INPUT DATA Start Marker

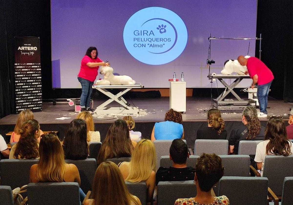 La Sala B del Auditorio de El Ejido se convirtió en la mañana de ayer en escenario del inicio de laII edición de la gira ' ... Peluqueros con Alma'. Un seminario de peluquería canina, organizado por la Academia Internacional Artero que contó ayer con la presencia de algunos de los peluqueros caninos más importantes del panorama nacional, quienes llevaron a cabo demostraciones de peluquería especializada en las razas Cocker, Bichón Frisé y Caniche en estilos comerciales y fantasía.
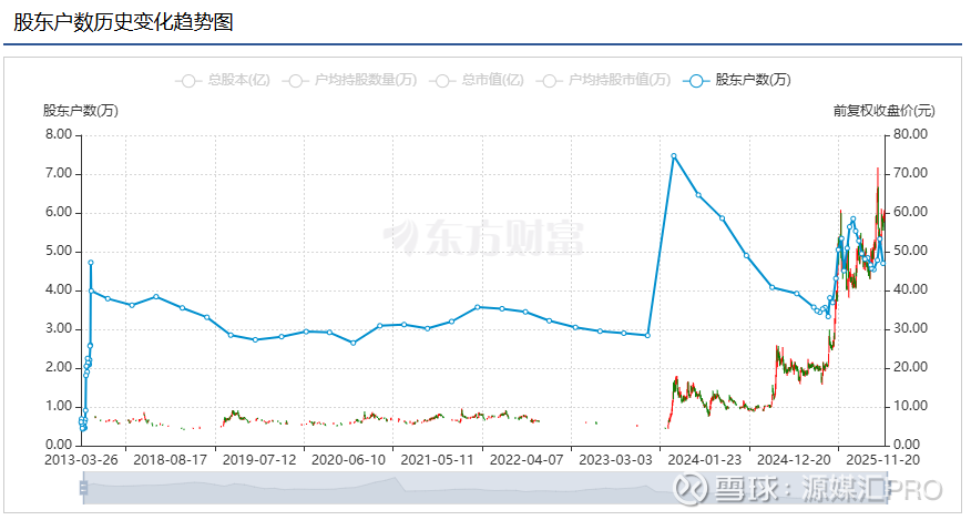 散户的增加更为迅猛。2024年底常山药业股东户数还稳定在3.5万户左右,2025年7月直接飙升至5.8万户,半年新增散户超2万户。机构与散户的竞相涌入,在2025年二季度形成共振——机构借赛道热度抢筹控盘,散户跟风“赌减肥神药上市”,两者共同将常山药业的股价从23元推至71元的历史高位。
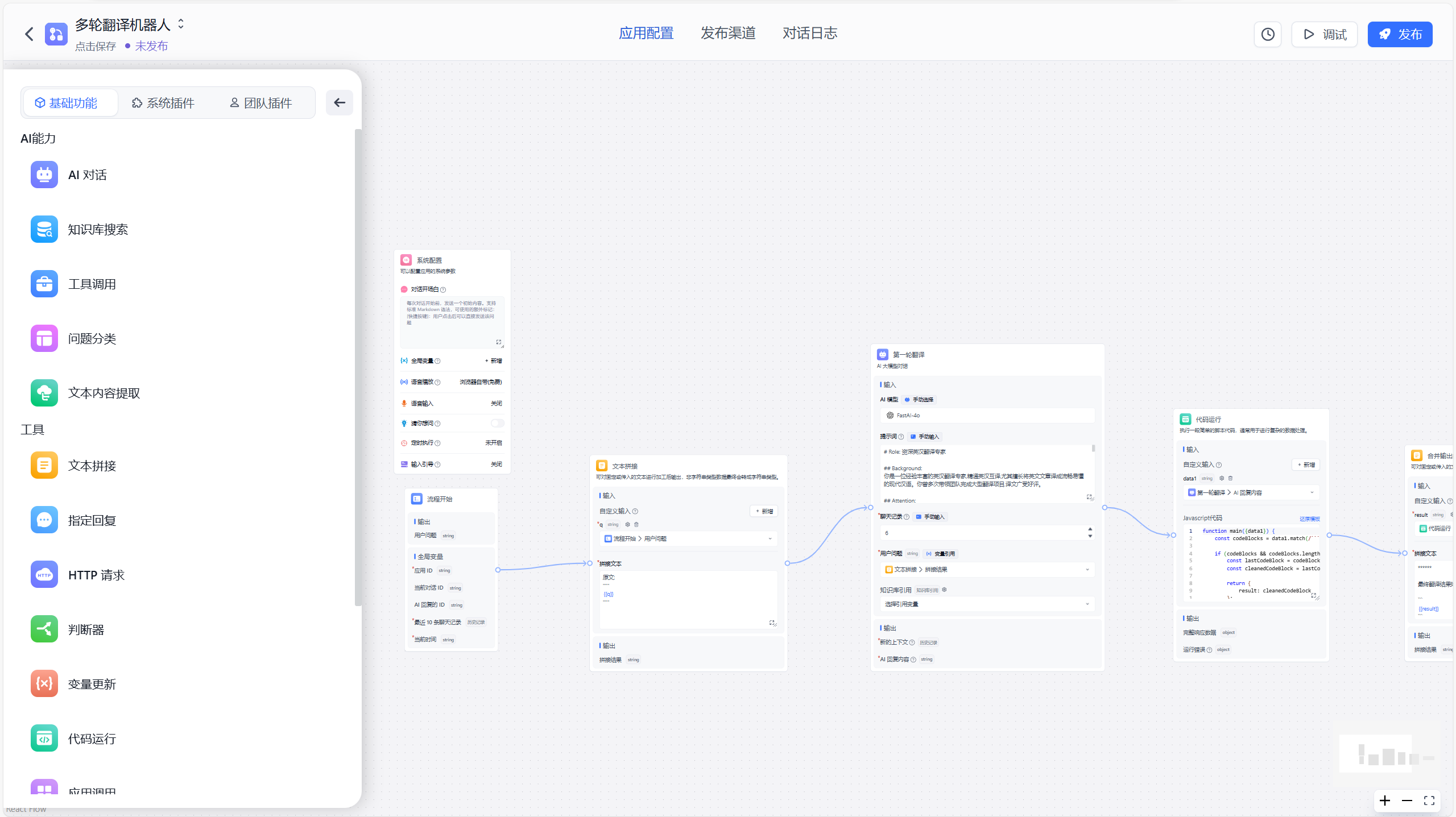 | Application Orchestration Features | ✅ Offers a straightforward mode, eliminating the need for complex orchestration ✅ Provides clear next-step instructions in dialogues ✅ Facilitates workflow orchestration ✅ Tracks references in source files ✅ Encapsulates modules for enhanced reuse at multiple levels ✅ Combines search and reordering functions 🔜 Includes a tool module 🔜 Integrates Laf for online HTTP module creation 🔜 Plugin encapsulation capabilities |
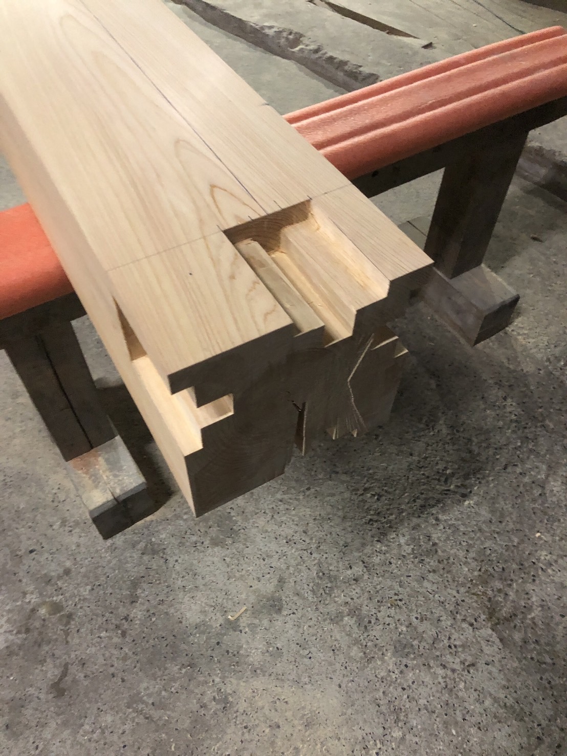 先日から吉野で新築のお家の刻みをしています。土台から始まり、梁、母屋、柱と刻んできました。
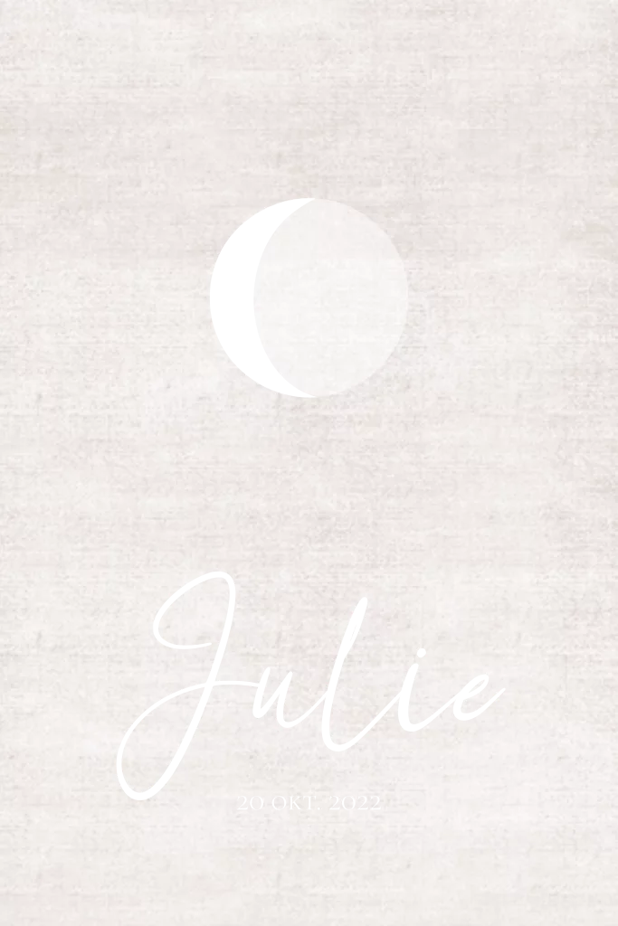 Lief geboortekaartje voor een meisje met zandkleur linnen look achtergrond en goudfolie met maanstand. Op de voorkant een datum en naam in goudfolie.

INPUT DATA End Marker
INPUT DATA Start Marker

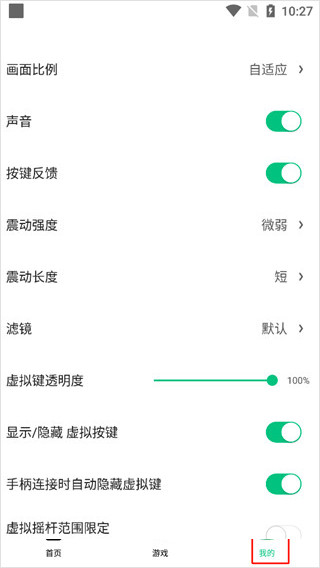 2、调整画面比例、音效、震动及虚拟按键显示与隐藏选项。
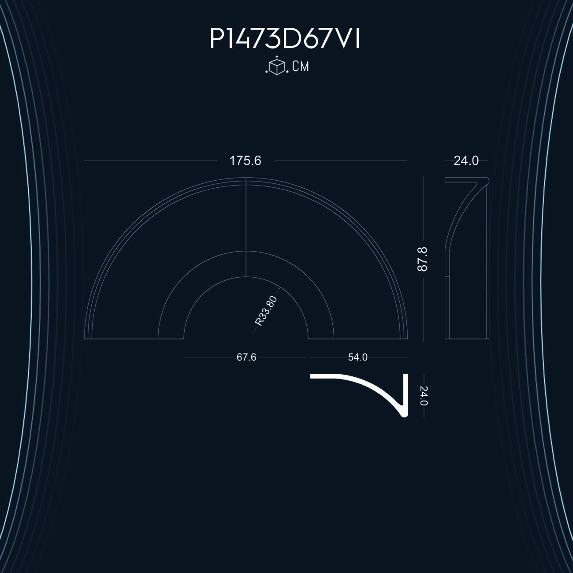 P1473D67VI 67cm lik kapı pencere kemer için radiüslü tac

INPUT DATA End Marker

Above are the records; return the lines in them from the one with "La Sala B del" to the one with "encapsulation capabilities |", inclusive, exactly and without images.

 La Sala B del Auditorio de El Ejido se convirtió en la mañana de ayer en escenario del inicio de laII edición de la gira ' ... Peluqueros con Alma'. Un seminario de peluquería canina, organizado por la Academia Internacional Artero que contó ayer con la presencia de algunos de los peluqueros caninos más importantes del panorama nacional, quienes llevaron a cabo demostraciones de peluquería especializada en las razas Cocker, Bichón Frisé y Caniche en estilos comerciales y fantasía.
 散户的增加更为迅猛。2024年底常山药业股东户数还稳定在3.5万户左右,2025年7月直接飙升至5.8万户,半年新增散户超2万户。机构与散户的竞相涌入,在2025年二季度形成共振——机构借赛道热度抢筹控盘,散户跟风“赌减肥神药上市”,两者共同将常山药业的股价从23元推至71元的历史高位。
 | Application Orchestration Features | ✅ Offers a straightforward mode, eliminating the need for complex orchestration ✅ Provides clear next-step instructions in dialogues ✅ Facilitates workflow orchestration ✅ Tracks references in source files ✅ Encapsulates modules for enhanced reuse at multiple levels ✅ Combines search and reordering functions 🔜 Includes a tool module 🔜 Integrates Laf for online HTTP module creation 🔜 Plugin encapsulation capabilities |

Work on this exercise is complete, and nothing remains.